== WHAT YOU HAVE TO DO ==
The result should be the lines from the one holding "서비스 정보의 날짜 및 시간을 선택합니다." to the final line of the records below, repeated exactly and with no pictures.

[Start of section]

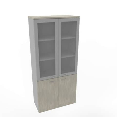Armadio alto con ante basse cemento e alte in vetro telaio MDF scocca trama antracite 90x45xH.200 cm
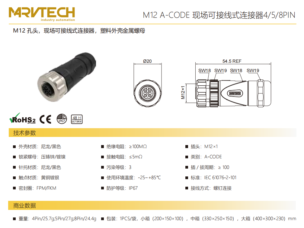 M 12-口金-現場配線可能コネクタ-プラスチックケース金属ナット-4/5/8 PIN
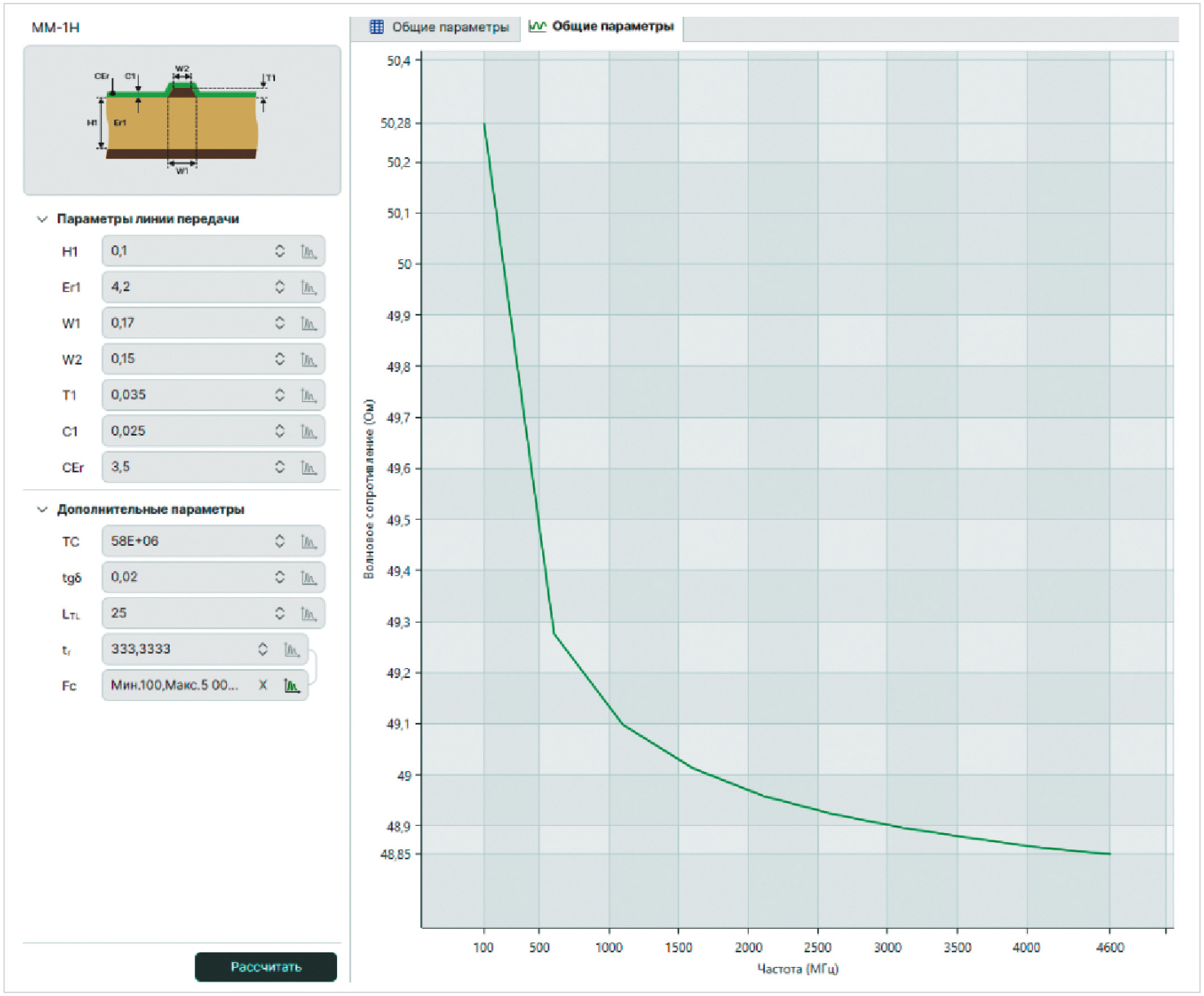 Значительная часть инженеров при расчёте параметров линий передачи часто ограничиваются расчётом без потерь. Это оправдано, когда стоит задача оценить только волновое сопротивление или задержку, так как известно, что при вычислении импеданса в широком диапазоне частот его разброс не превышает 5%. Такая погрешность вполне удовлетворяет требованиям большого количества интерфейсов передачи данных. На рис. 1 показан пример зависимости волнового сопротивления одиночной линии передачи от частоты, полученной в программе SimPCB Lite.
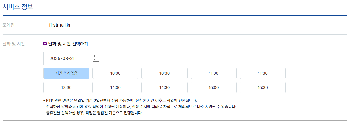서비스 정보의 날짜 및 시간을 선택합니다.
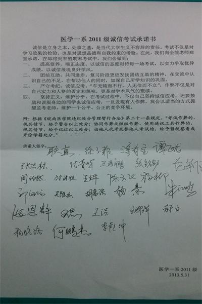 考试月将至,为进一步强化学生安全防范和诚信考试意识,督促学生积极备考,5月31日晚,医学一系2011级在2号教学楼103教室召开了诚信考试教育活动,年级辅导员刘韦、叶长江及全体班干参加了会议。

[End of section]

== YOUR RESPONSE ==
서비스 정보의 날짜 및 시간을 선택합니다.
 考试月将至,为进一步强化学生安全防范和诚信考试意识,督促学生积极备考,5月31日晚,医学一系2011级在2号教学楼103教室召开了诚信考试教育活动,年级辅导员刘韦、叶长江及全体班干参加了会议。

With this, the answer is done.